** Exercise **
The expected output is every line of the data exactly as shown, minus the images.

** Source data **

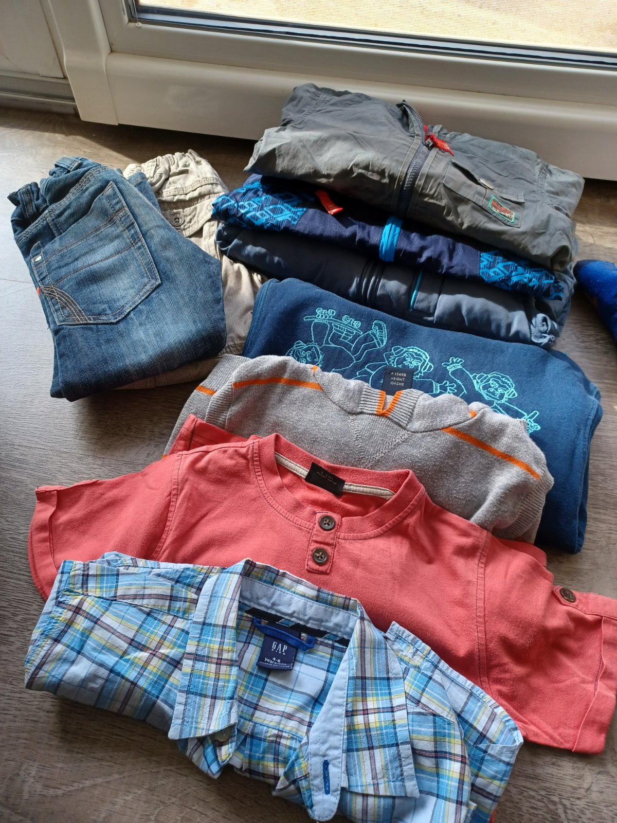 Všetko veľkosť 116, vesta, rifle (roztrhané kolená majú byť), tepláky a tričko s krátkym rukávom. Nosené bez poškodení.
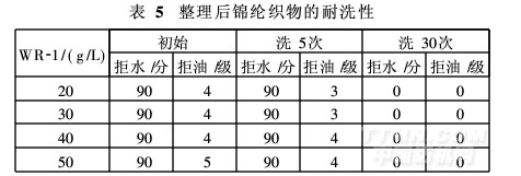 (4)對于耐洗性要求較高的拒水拒油產(chǎn)品,整理工作液中可添加適量的交聯(lián)劑(用量為WR-1的15% )。
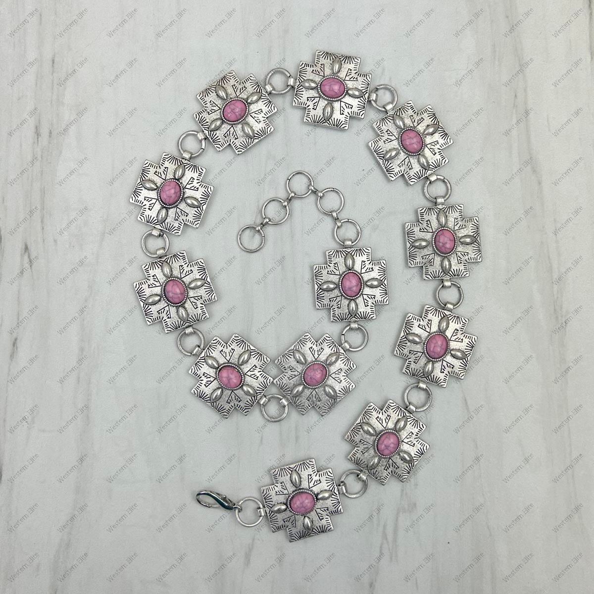 silver metal cross with light pink stone hat decor chain.
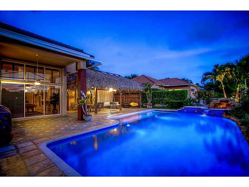 This custom estate golf home offers amenities to please the whole family. From the grand entrance to the exquisite backyard. Floor plan features master on ground level with oversized walk in closet. Open kitchen with granite counters and top of line appl iances. All additional bedrooms are generous in size including guest suite with private balcony overlooking the pool and 9hole golf course.Backyard is the highlight of the home with custom tiki hut and beach style heated pool that are truly one of a kind.

** Task response **
 Všetko veľkosť 116, vesta, rifle (roztrhané kolená majú byť), tepláky a tričko s krátkym rukávom. Nosené bez poškodení.
 (4)對于耐洗性要求較高的拒水拒油產(chǎn)品,整理工作液中可添加適量的交聯(lián)劑(用量為WR-1的15% )。
 silver metal cross with light pink stone hat decor chain.
 This custom estate golf home offers amenities to please the whole family. From the grand entrance to the exquisite backyard. Floor plan features master on ground level with oversized walk in closet. Open kitchen with granite counters and top of line appl iances. All additional bedrooms are generous in size including guest suite with private balcony overlooking the pool and 9hole golf course.Backyard is the highlight of the home with custom tiki hut and beach style heated pool that are truly one of a kind.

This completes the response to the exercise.